Rat model. After anesthesia, 125- to 150-g, male Sprague-Dawley rats (Charles River, MA) were given a tail vein injection of STZ (125 mg/kg prepared fresh in 0.1 M citrate buffer, pH 4.0) and pair fed a 23% protein diet with vehicle-injected, control rats, as described elsewhere (22). Rats were housed in individual cages for the duration of the experiment and studied 3 days (~72 h) after STZ injection. The only exception was when we investigated how rapidly insulin would reverse muscle proteolysis (see below). Urine was collected during the 24-h period immediately before the experiments to measure corticosterone excretion to assess glucocorticoid production. We used this method because handling rats to obtain blood levels can acutely change the blood corticosterone level, and the daily excretion rate yields an estimate of the integrated, steady-state production rate (4, 13, 17).

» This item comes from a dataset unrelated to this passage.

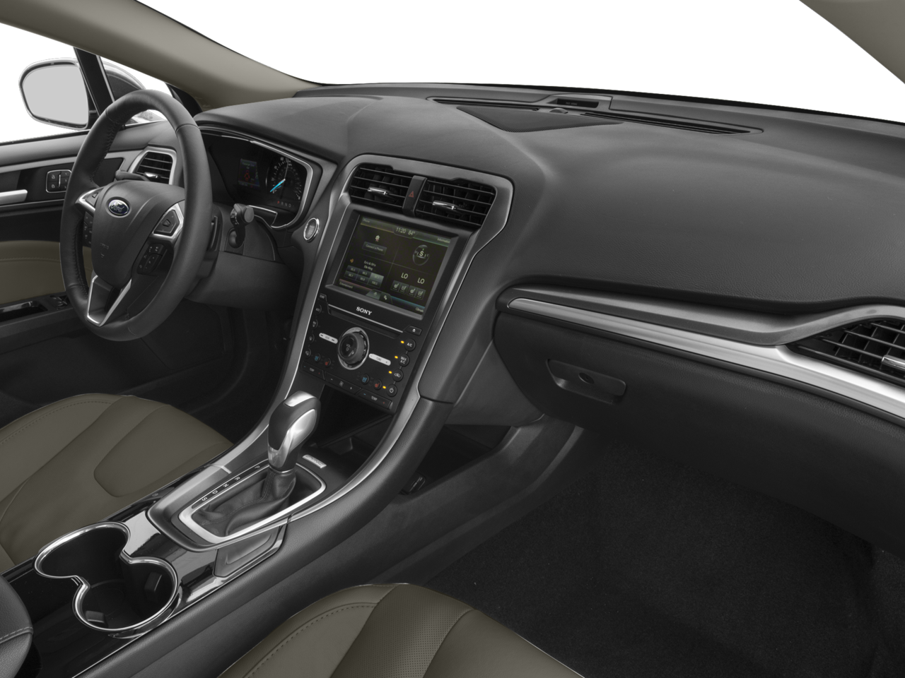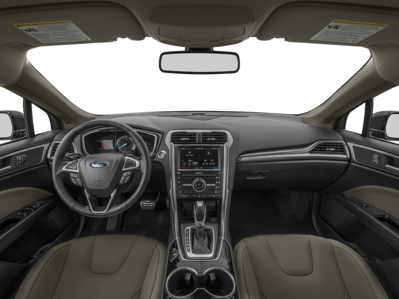 This Fusion Titanium is nicely equipped with Equipment Group 300A, 6-Speed Automatic, 12 Speakers, 18 Premium Polished Aluminum Wheels, 4-Wheel Disc Brakes, ABS brakes, Air Conditioning, Alloy wheels, AM/FM radio: SiriusXM, Auto-dimming door mirrors, Auto-dimming Rear-View mirror, Automatic temperature control, Brake assist, Bumpers: body-color, CD player, Compass, Delay-off headlights, Driver door bin, Driver vanity mirror, Dual front impact airbags, Dual front side impact airbags, Electronic Stability Control, Emergency communication system: 911 Assist, Exterior Parking Camera Rear, Four wheel independent suspension, Front anti-roll bar, Front Bucket Seats, Front Center Armrest, Front dual zone A/C, Front fog lights, Front reading lights, Fully automatic headlights, Heated door mirrors, Heated front seats, Illuminated entry, Knee airbag, Leather Shift Knob, Leather-Trimmed Heated Sport Bucket Seats, Low tire pressure warning, Memory seat, New Feature 2, New Feature 3, New Feature 4, New Feature 5, New Feature 6, Occupant sensing airbag, Outside temperature display, Overhead airbag, Overhead console, Panic alarm, Passenger door bin, Passenger vanity mirror, Power door mirrors, Power driver seat, Power Moonroof, Power passenger seat, Power steering, Power windows, Radio data system, Radio: AM/FM Stereo/MP3/Single-CD, Rear anti-roll bar, Rear Parking Sensors, Rear reading lights, Rear seat center armrest, Rear window defroster, Remote keyless entry, Security system, SiriusXM Radio, Speed control, Speed-sensing steering, Speed-Sensitive Wipers, Split folding rear seat, Spoiler, Steering wheel mounted audio controls, SYNC w/MyFord Touch, Tachometer, Telescoping steering wheel, Tilt steering wheel, Traction control, Trip computer, Turn signal indicator mirrors, Universal Garage Door Opener, and Variably intermittent wipers Price does not include dealer-installed equipment. Price(s) include(s) all costs to be paid by a consumer, except for licensing costs, registration fees, $799 administrative fees, taxes, and $798 Triton VIP Protection Plan.

To examine the influence of acidosis on muscle protein degradation, control and STZ-treated rats were given a solution of NaHCO3 by gavage, as described previously (24); other STZ-treated rats were given an equivalent amount of sodium as NaCl throughout the experiment. Pair-fed control rats were given NaHCO3 in a manner identical to STZ-treated rats. To determine the role of glucocorticoids in the proteolytic response in muscle, 75-g rats underwent bilateral adrenalectomy (ADX) and were given 0.077 M NaCl to drink. After a 10-day recovery period, ADX rats were injected with STZ (125 mg/kg body wt) in the morning and were given the 23% protein diet and 10% glucose-0.077 M NaCl to drink ad libitum for 24 h. Subsequently, they were given 0.077 M NaCl to drink ad libitum. Another group of ADX-STZ rats was given dexamethasone (2 µg · 100 g body wt
1 · day1
sc) in two equal injections starting on the day of STZ injection. Control ADX rats were treated in a similar fashion, except they did not
receive STZ. ADX-control and ADX-STZ rats were pair fed to ADX-STZ rats
receiving dexamethasone and studied 3 days (~72 h) after STZ injection.

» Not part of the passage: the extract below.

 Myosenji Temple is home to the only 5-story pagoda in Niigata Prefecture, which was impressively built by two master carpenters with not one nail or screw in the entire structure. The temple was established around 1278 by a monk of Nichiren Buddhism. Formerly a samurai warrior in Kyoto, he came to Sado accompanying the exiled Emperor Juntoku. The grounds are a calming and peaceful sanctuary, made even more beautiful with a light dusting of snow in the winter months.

To determine that the proteolytic response in muscles of STZ-treated
rats is due to insulin insufficiency, STZ-treated rats were given a
daily injection of the long-acting bovine PZI (8 U/100 g body wt sc)
beginning on the morning after receiving STZ (day
1) and on the subsequent morning
(day 2). Rats were fasted the night
before muscles were isolated for measurements of protein degradation
and levels of mRNAs encoding components of the ubiquitin-proteasome pathway (day 3).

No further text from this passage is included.